I have a good career, a career I love that has lots of opportunities and a reasonable salary. But I'm not a massive high flyer or a multi millionaire, and I was never going to be. I was a high flyer at an average state school, getting a prize for maths in year 11 doesn't make you the next steven hawkins. It just makes you one of 1000s of relatively good students up and down the country. I'm not interested in owning my own business

I don't know what many of the people I went to school with are doing. I'm sure many of them are doing well but as I said it was an average state school, I'm not sure how we are defining success. No one has ever said that winning prizes at secondary school means you are going to become a multi-millionaire. It's more just like you will get into medicine or oxbridge

Charette · 20/03/2022 10:46

In fairness, it wasn’t hard to be a ‘high achiever’ at my school, which was known for truancy, fights and a lot of pregnancies, and no one liked it, even the teachers, who I think thought of me mostly as someone who could be left to get on with it while they firefought disciplinary issues. I went on to Oxford, did a DPhil, had an academic career, lived in a lot of different countries, married and had a child, and then started to write modestly successful novels.

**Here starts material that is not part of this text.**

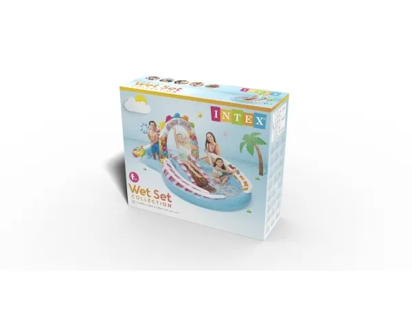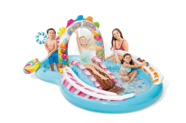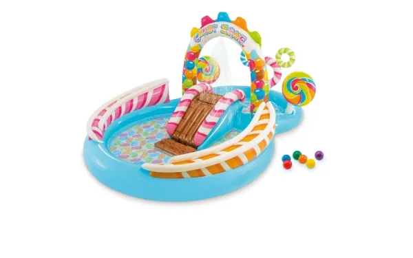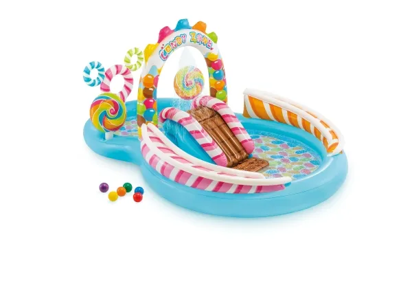 Candy themed play pool that will be a real treat for kids. This playland will entertain kids for hours on end. It includes a waterslide, 2 giant lollipops and a water spray that attaches to the garden hose to keep kids cool. The playland is in two parts - the small pool fills max 168 litres and the big pool up to 206 litres. Pool dimensions 295 x 191 x 130 cm in total. Includes 1 repair patch. The small pool has age grade 2+ and the big one 3+, under adult supervision.

It’s not a wildly successful life by most standards, but a lot of the people I hear about from school have had difficult lives and struggled with poverty and addiction. That could easily have been me. I actually credit my schooldays with giving me an early education in keeping going when no one approves of you or praises you, or thinks you’re anything more than someone who can be relied on not to be a bother.

lugeforlife · 20/03/2022 10:51

I am middle tier management at a global accounting firm doing an ok job with unrealistic stress put on us. Proper corporate bollocks. I don't hate it, it pays ok and it's intellectually stimulating often enough that it doesn't bore me. That's about it though. So I'm normal/fine ( I got the best GCSEs in my year for context, Russell group uni but not oxbridge).

My brother was the same (he was more able, firsts, phds etc). Had a good but not stellar job.

My cousin was like my brother with the firsts/phds then a Sahm for years then retrained to be a teacher.

Both cousin and brother interviewed for oxbridge but both state school educated and quite shy so got very nervous and intimidated. Both had peers who went but they were more confident if slightly less academic.

When I look at the people in my organisation who get to the top it's self belief and confidence. Also putting themselves first rather than the team sadly - high degree of self interest and sharp elbows. Not intelligence.